Fra studio e compiti, Luca ha appena frequentato infatti il primo anno di Liceo Scientifico all'Istituto Turoldo, anche lui si allena duramente per raggiungere degli ottimi risultati. Risultati che, certamente, non tardano ad arrivare: è fresco di poche settimane il suo titolo di Campione Regionale di Inseguimento a Squadre, ottenuto insieme al suo team in una sudata gara al Velodromo di Dalmine. “Vincere il titolo è stata una bella esperienza – racconta Luca – Non me l'aspettavo”

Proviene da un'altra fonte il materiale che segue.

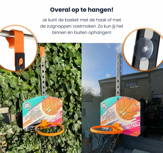 - Overal op te hangen: Ga je binnen of buiten basketballen? Of wordt het dé activiteit op je feestje? Je kunt de basket op twee manieren gemakkelijk overal ophangen: met de zuignappen of met de haak. Geen gaten in de muur en moeilijke constructies dus 😉
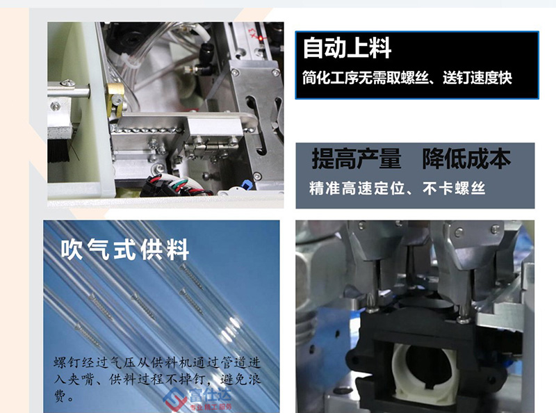 該鎖付系統可等同為全自動鎖螺絲流水線,通過四個工作站的作業,將百葉窗扇葉通過螺絲緊固在框架內的指定位置,螺絲采用自主研發吹氣式自動送釘機,直接輸送至鎖付機構;扇葉通過專用治具與框架定位,需手動放置;鎖付系統采用水平雙方向同時作業,配置4把電批位于兩側,一次擰好4顆螺絲;移動式作業臺根據程序設定,逐點向前推進并自動擰螺絲。

Un risultato eccellente, considerando che quest'anno il giovane Luca ha dovuto anche affrontare un cambio di categoria passando da Esordienti di II° anno ad Allievi, che prevede una classifica unica fra atleti di 15 e 16 anni, con tutte le difficoltà che questo può comportare – soprattutto a livello di esperienza. “Il passaggio di categoria è stato difficile, perché corriamo con quelli di un anno in più – spiega il ragazzo – per cui è più difficile nelle gare riuscire a competere con loro, l'ambiente è diverso”.

Ma Luca non si è certamente fatto scoraggiare, distinguendosi anzi per il suo forte impegno, spinto da una grande passione per il ciclismo condita da una buona dose di competizione. “Di questo sport mi piace la fatica e anche la competitività fra di noi, nelle gare – racconta – una gara che mi è piaciuta particolarmente, per ora, è stata quella del Trofeo Feralpi, vicino al Lago di Garda. È stata molto bella come gara, perché è stata una delle più dure”.

Con molta probabilità anche Luca, come il fratello Andrea, parteciperà ai Campionati Italiani Giovanili 2019 – gara a cui, fra l'altro, aveva partecipato anche lo scorso anno, piazzandosi sesto. “Quest'anno vorrei puntare più in alto – spiega Luca – Cosa voglio fare da grande? Ancora non lo so, ma mi piacerebbe continuare con il ciclismo. E magari, perché no, in futuro partecipare anche al Giro d'Italia”.

La passione per la bicicletta, comunque, è di famiglia: anche i genitori dei due giovani campioni zognesi amano pedalare, seppur non in maniera competitiva. “Ci è capitato di fare anche 300 chilometri al giorno in bicicletta” racconta la mamma Alessandra. Fiera dei suoi ragazzi, augura loro il meglio: “L'impegno e la costanza li hanno portati ad avere questi ottimi risultati – afferma – Per quanto riguarda il futuro, la scelta di continuare o meno per questa strada sarà loro”.